The MAR will also add some enhanced requirements. For instance, issuers will have to create and maintain records providing evidence that they are complying with rules for delaying disclosure of inside information. And there will be harmonised rules for the creation of lists of insiders. In addition to this, the MAR will require professionals arranging and carrying out transactions to report suspicious orders and maintain effective systems to detect suspicious orders and transactions. Furthermore, market operators and investment firms that operate a trading venue will have to set up and maintain systems for preventing and detecting market abuse and attempted market abuse.

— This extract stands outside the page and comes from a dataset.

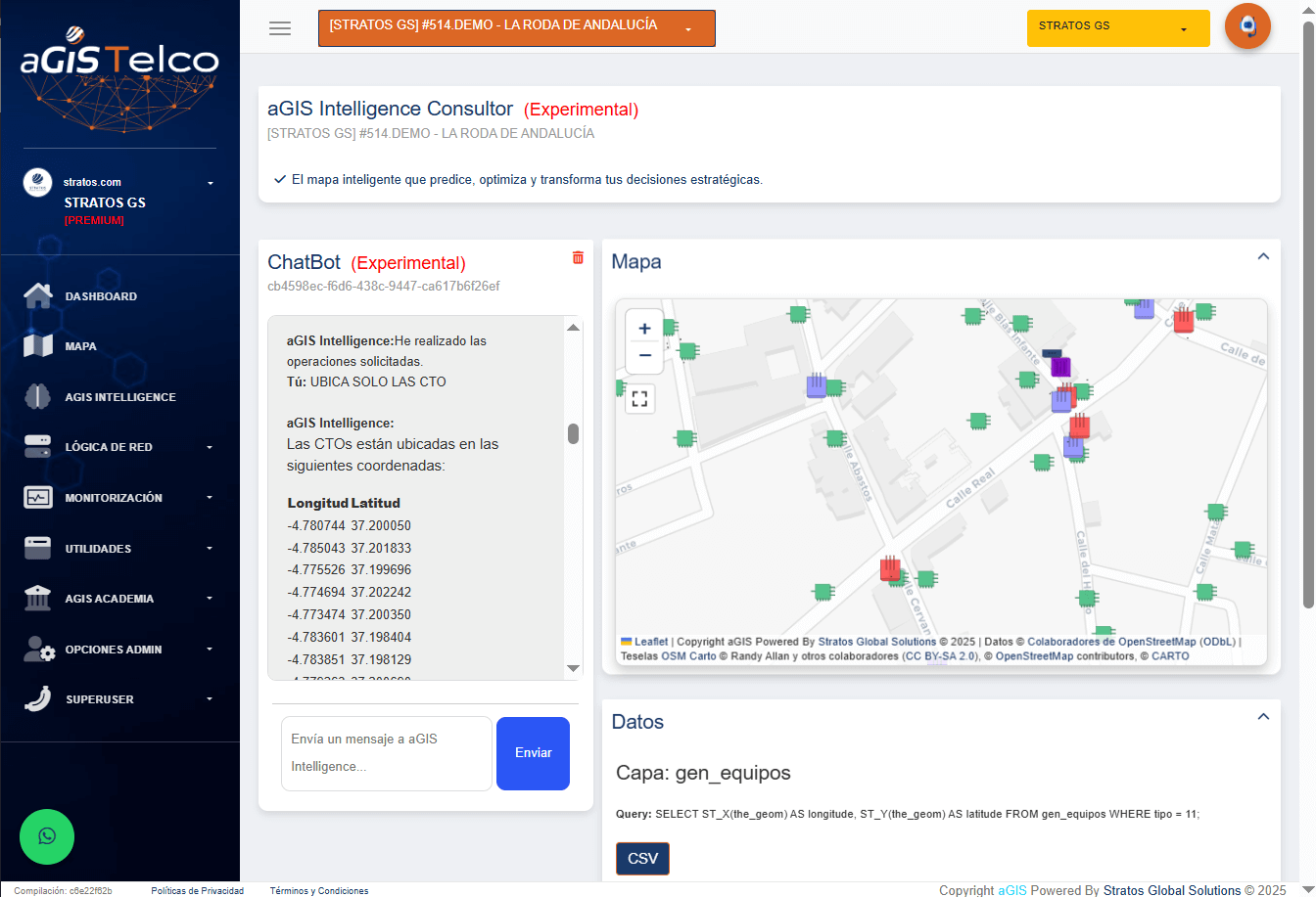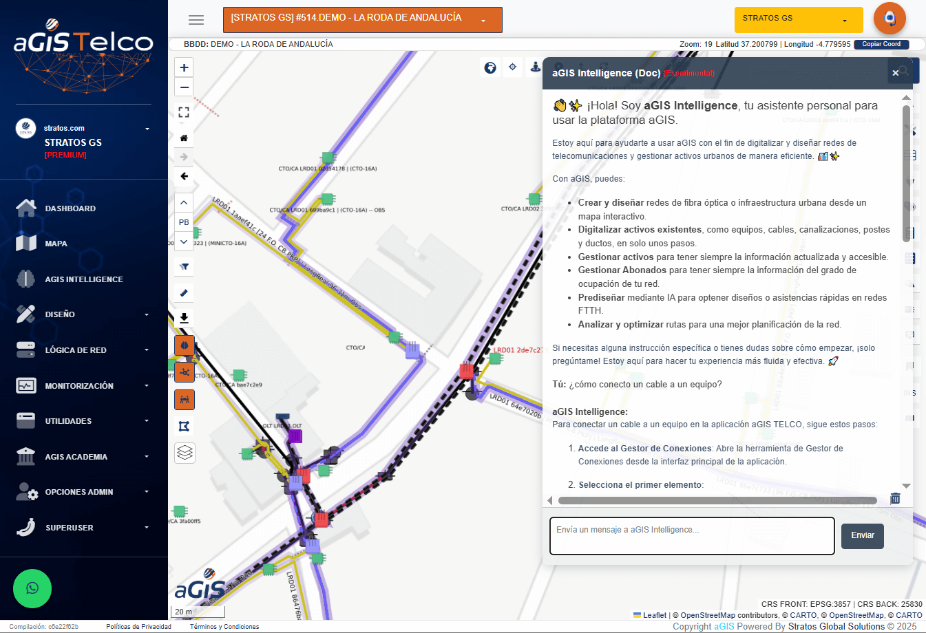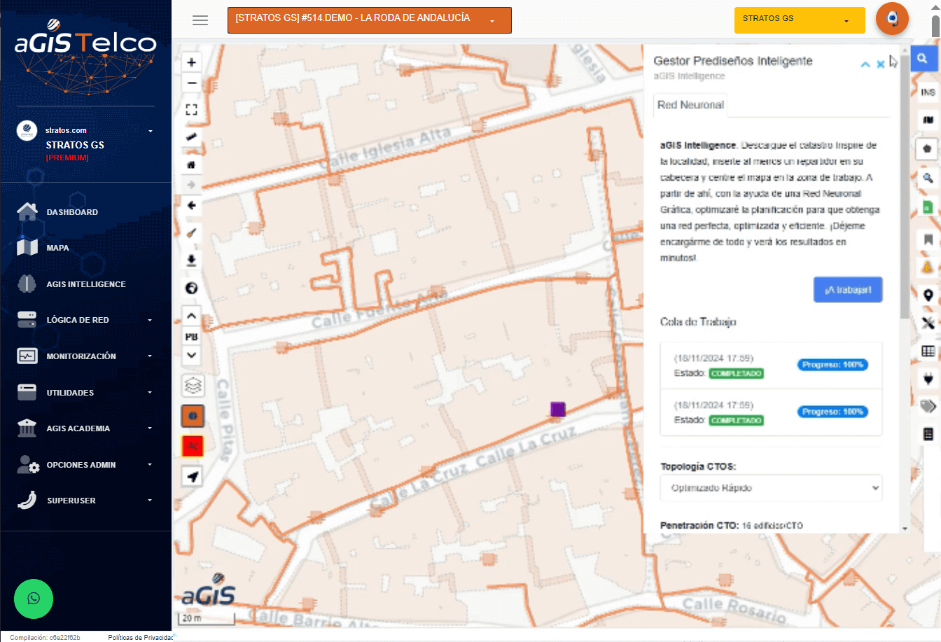 aGIS TELCO, SaaS orientado no solo al diseño de fibra óptica, sino al de cualquier tipo de red de telecomunicaciones (FTTH, fibra oscura, radioenlaces, WiFi, WiMax, emplazamientos...), es una plataforma moderna totalmente web y cloud, pudiéndose así utilizar desde cualquier lugar, que pretende llevar las tecnologías de geolocalización más avanzadas a operadores Telco.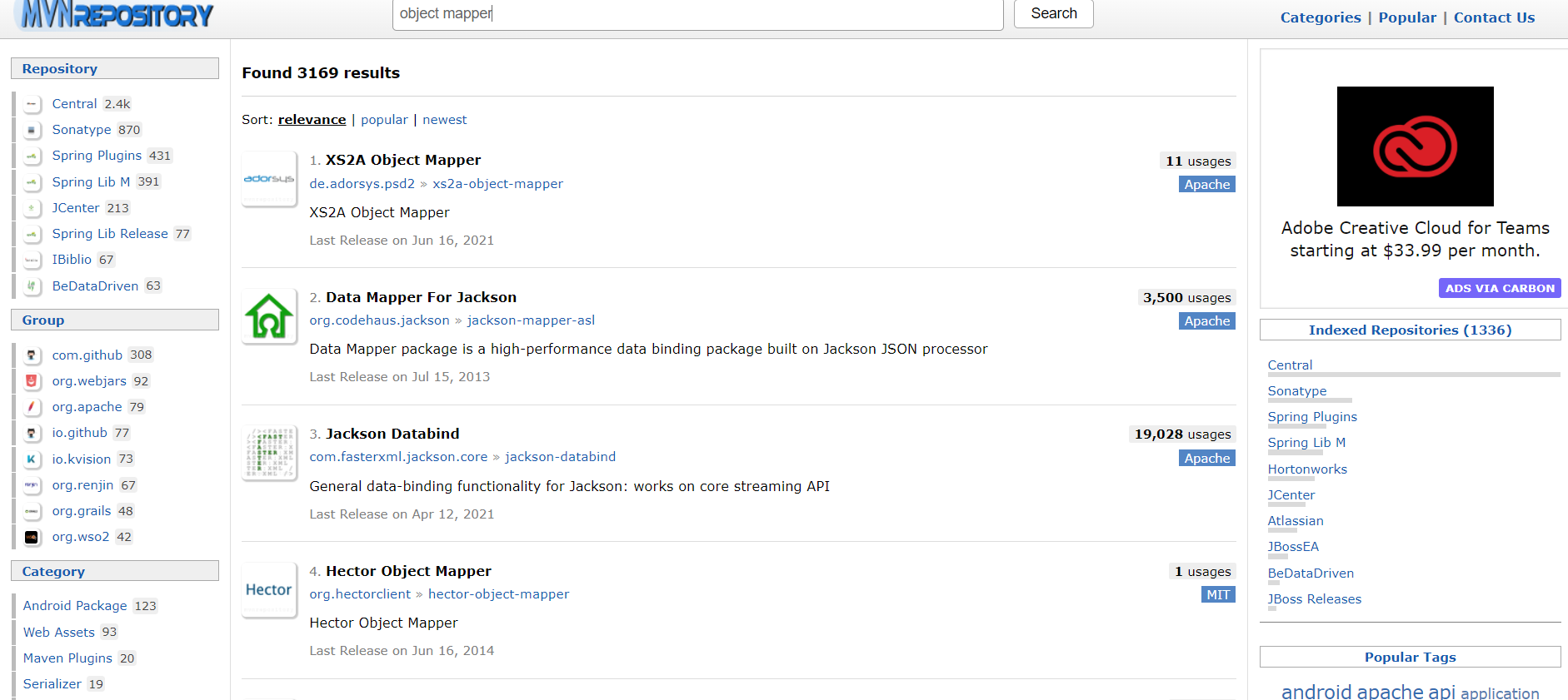 이러한 사이트에서 maven 프로젝트를 검색할 수 있다. spring boot, object mapper등등으로 사용할 라이브러리들을 검색해서 사용해 볼 수 있다. 우리는 object mapper를 사용할 것이기 때문에 검색을 해보자. 그러면 아래와 같이 화면이 보일 것인데, 우리는 3. Jackson Databind를 사용할 것이다. 눌러서 usages가 많은 것과 RELEASE(릴리즈)된 것을 많이 사용한다. 그리고 완전최신을 사용하진 않는다.

Transparency and protection of 'whistle-blowers'

In addition, the MAR contains broad transparency requirements. These include requirements for disclosing transactions by issuers' managers. MAR also requires producers and disseminators of investment recommendations to objectively present and to disclose their conflicts of interests. Moreover, MAR introduced the concept of closed periods – extending 30 days before the announcement of required interim or year-end financial reports – during which managers generally cannot trade in the issuer’s securities or related securities. Last but not least, as part of the MAR implementation the European Commission adopted rules to protect so-called 'whistle-blowers', i.e., people who report instances of potential or actual market abuse breaches.

Finally, market integrity will remain a major focus for European regulators, and EU market abuse rules are instrumental to maintaining confidence in the financial markets.